▶ **ABOUT THIS TASK**:
Copy the data below exactly, omitting any picture it contains.
○ ○ ○
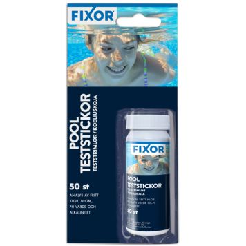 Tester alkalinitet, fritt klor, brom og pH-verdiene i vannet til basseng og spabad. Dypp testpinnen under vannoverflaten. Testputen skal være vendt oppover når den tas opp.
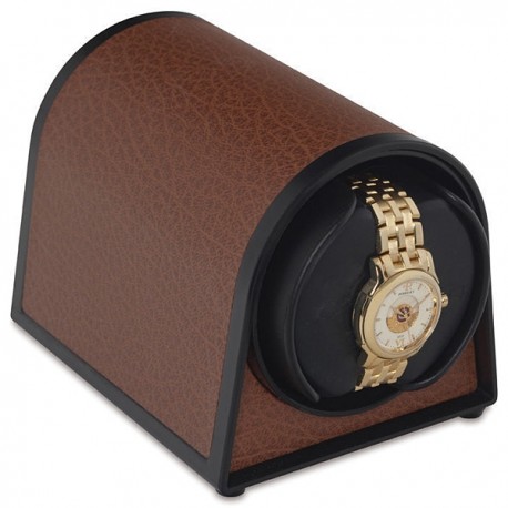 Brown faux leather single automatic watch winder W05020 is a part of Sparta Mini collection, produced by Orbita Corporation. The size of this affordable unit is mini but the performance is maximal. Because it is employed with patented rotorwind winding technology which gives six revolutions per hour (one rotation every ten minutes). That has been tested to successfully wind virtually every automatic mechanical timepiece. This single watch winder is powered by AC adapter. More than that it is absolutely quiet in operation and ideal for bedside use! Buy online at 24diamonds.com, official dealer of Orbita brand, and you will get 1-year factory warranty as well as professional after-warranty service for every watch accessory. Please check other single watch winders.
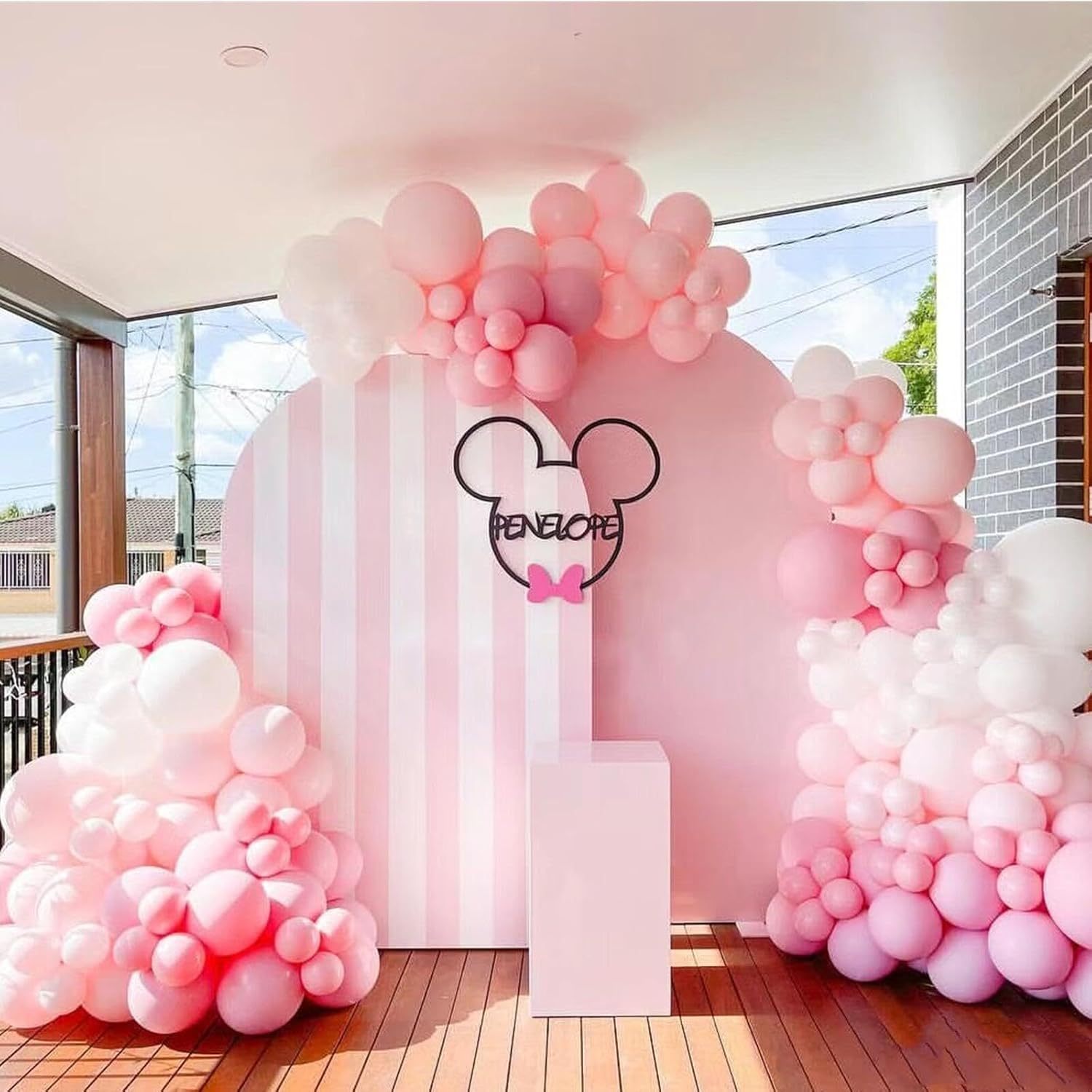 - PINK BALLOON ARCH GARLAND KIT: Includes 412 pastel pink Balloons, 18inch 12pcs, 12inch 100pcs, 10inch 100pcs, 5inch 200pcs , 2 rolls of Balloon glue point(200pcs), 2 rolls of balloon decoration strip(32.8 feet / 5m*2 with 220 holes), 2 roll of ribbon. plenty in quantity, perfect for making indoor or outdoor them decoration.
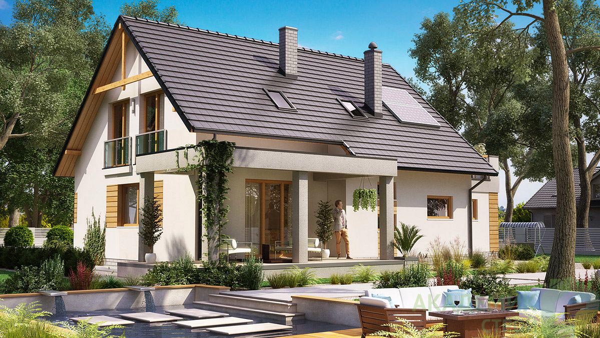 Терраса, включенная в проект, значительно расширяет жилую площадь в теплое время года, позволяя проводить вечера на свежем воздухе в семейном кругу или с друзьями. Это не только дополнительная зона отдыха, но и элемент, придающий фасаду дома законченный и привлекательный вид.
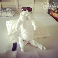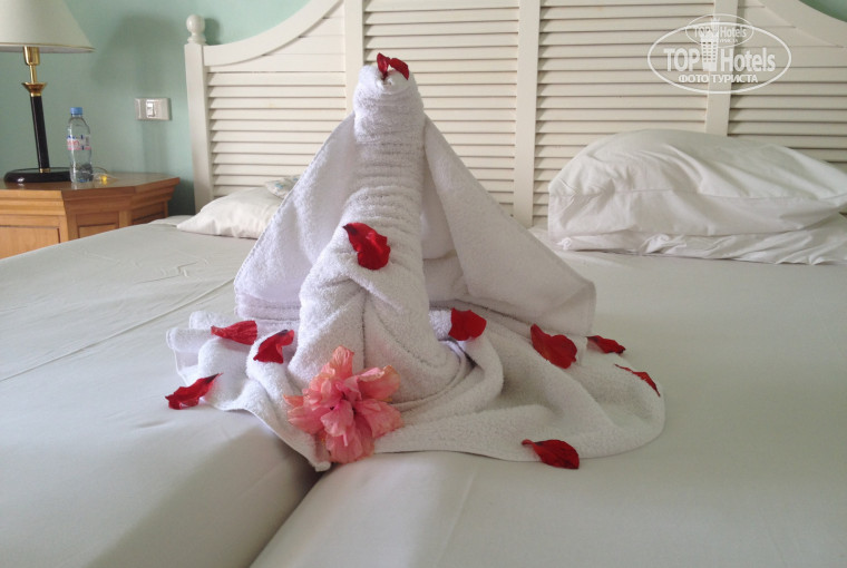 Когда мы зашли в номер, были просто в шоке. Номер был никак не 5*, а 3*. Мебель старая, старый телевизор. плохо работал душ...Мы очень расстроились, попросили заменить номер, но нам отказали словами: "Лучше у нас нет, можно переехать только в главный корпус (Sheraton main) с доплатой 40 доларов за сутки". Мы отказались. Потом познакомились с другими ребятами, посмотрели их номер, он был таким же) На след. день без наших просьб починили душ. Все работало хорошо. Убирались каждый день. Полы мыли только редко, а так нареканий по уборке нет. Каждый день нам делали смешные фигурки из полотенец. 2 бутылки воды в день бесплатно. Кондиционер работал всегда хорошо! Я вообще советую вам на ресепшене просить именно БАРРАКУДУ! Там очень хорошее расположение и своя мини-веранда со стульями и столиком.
○ ○ ○
▶ **TASK OUTPUT**:
 Tester alkalinitet, fritt klor, brom og pH-verdiene i vannet til basseng og spabad. Dypp testpinnen under vannoverflaten. Testputen skal være vendt oppover når den tas opp.
 Brown faux leather single automatic watch winder W05020 is a part of Sparta Mini collection, produced by Orbita Corporation. The size of this affordable unit is mini but the performance is maximal. Because it is employed with patented rotorwind winding technology which gives six revolutions per hour (one rotation every ten minutes). That has been tested to successfully wind virtually every automatic mechanical timepiece. This single watch winder is powered by AC adapter. More than that it is absolutely quiet in operation and ideal for bedside use! Buy online at 24diamonds.com, official dealer of Orbita brand, and you will get 1-year factory warranty as well as professional after-warranty service for every watch accessory. Please check other single watch winders.
 - PINK BALLOON ARCH GARLAND KIT: Includes 412 pastel pink Balloons, 18inch 12pcs, 12inch 100pcs, 10inch 100pcs, 5inch 200pcs , 2 rolls of Balloon glue point(200pcs), 2 rolls of balloon decoration strip(32.8 feet / 5m*2 with 220 holes), 2 roll of ribbon. plenty in quantity, perfect for making indoor or outdoor them decoration.
 Терраса, включенная в проект, значительно расширяет жилую площадь в теплое время года, позволяя проводить вечера на свежем воздухе в семейном кругу или с друзьями. Это не только дополнительная зона отдыха, но и элемент, придающий фасаду дома законченный и привлекательный вид.
 Когда мы зашли в номер, были просто в шоке. Номер был никак не 5*, а 3*. Мебель старая, старый телевизор. плохо работал душ...Мы очень расстроились, попросили заменить номер, но нам отказали словами: "Лучше у нас нет, можно переехать только в главный корпус (Sheraton main) с доплатой 40 доларов за сутки". Мы отказались. Потом познакомились с другими ребятами, посмотрели их номер, он был таким же) На след. день без наших просьб починили душ. Все работало хорошо. Убирались каждый день. Полы мыли только редко, а так нареканий по уборке нет. Каждый день нам делали смешные фигурки из полотенец. 2 бутылки воды в день бесплатно. Кондиционер работал всегда хорошо! Я вообще советую вам на ресепшене просить именно БАРРАКУДУ! Там очень хорошее расположение и своя мини-веранда со стульями и столиком.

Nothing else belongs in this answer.